Member of the Massachusetts Turnpike Authority Board of Directors
- In office September 2005 – October 2009

Personal details
- Born: August 3, 1960 (age 66) Boston Massachusetts
- Party: Republican
- Education: University of Massachusetts Amherst, BBA, BA

= Mary Z. Connaughton =

American politician

Mary Zarrilli Connaughton (born Mary Gina Zarrilli August 3, 1960 in Boston, Massachusetts) is a former board member of the Massachusetts Turnpike Authority. Connaughton was a candidate for Massachusetts Auditor in 2010.

==Political career==
Connaughton started her political career in 2004 as a Republican candidate for state representative in the Seventh Middlesex District of Massachusetts. She lost that open-seat race to then Ashland School Board member Tom Sannicandro.

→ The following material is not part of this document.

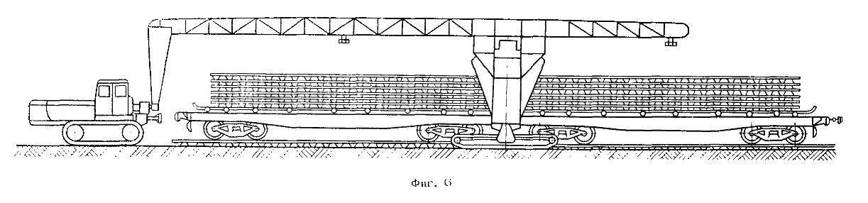 Путеукладчик ПБ-ЗМ (фиг. б) состоит из трактора Т-100М, снабженного комбинированным ходом, и прицепной части. Трактор с прицепной частью соединяется тягово-сцепным прибором, который механизмом сдвижки может смешаться в поперечном направлении-по отношению к оси пути на 400 мм, что облегчает укладку звеньев в кривых участках пути.

In September 2005, Connaughton was appointed by Governor Mitt Romney to the board of the Massachusetts Turnpike Authority. There, Connaughton has gained notoriety as an anti-toll activist for her area, but wanted higher tolls for Boston and Western Massachusetts, appearing on numerous television and radio programs to discuss issues pertaining to the Turnpike.

In January 2010, Connaughton announced the commencement of her campaign for Massachusetts State Auditor as the Republican candidate. The seat was to be vacated by Joe DeNucci (D), who announced he would retire at the end of his term. She challenged Suzanne Bump (D), the former Secretary of Labor and Workforce Development under Governor Deval Patrick (D), for the Auditor's position. Bump ultimately won the election by a narrow margin.

MA Auditor 2010 Election Results
Bump, Suzanne Dem 992,680 49%
Connaughton, Mary GOP 944,475 46%
Fortune, Nat Grn 105,965 5%

==Professional background==
Connaughton is currently the COO and Director of Government Transparency of Pioneer Institute in Boston. She was a partner in the business development firm of Ascentage Group (formerly Henniker River Group) and an adjunct accounting instructor at Framingham State College. Additionally, she served on the Massachusetts Commission on Judicial Conduct.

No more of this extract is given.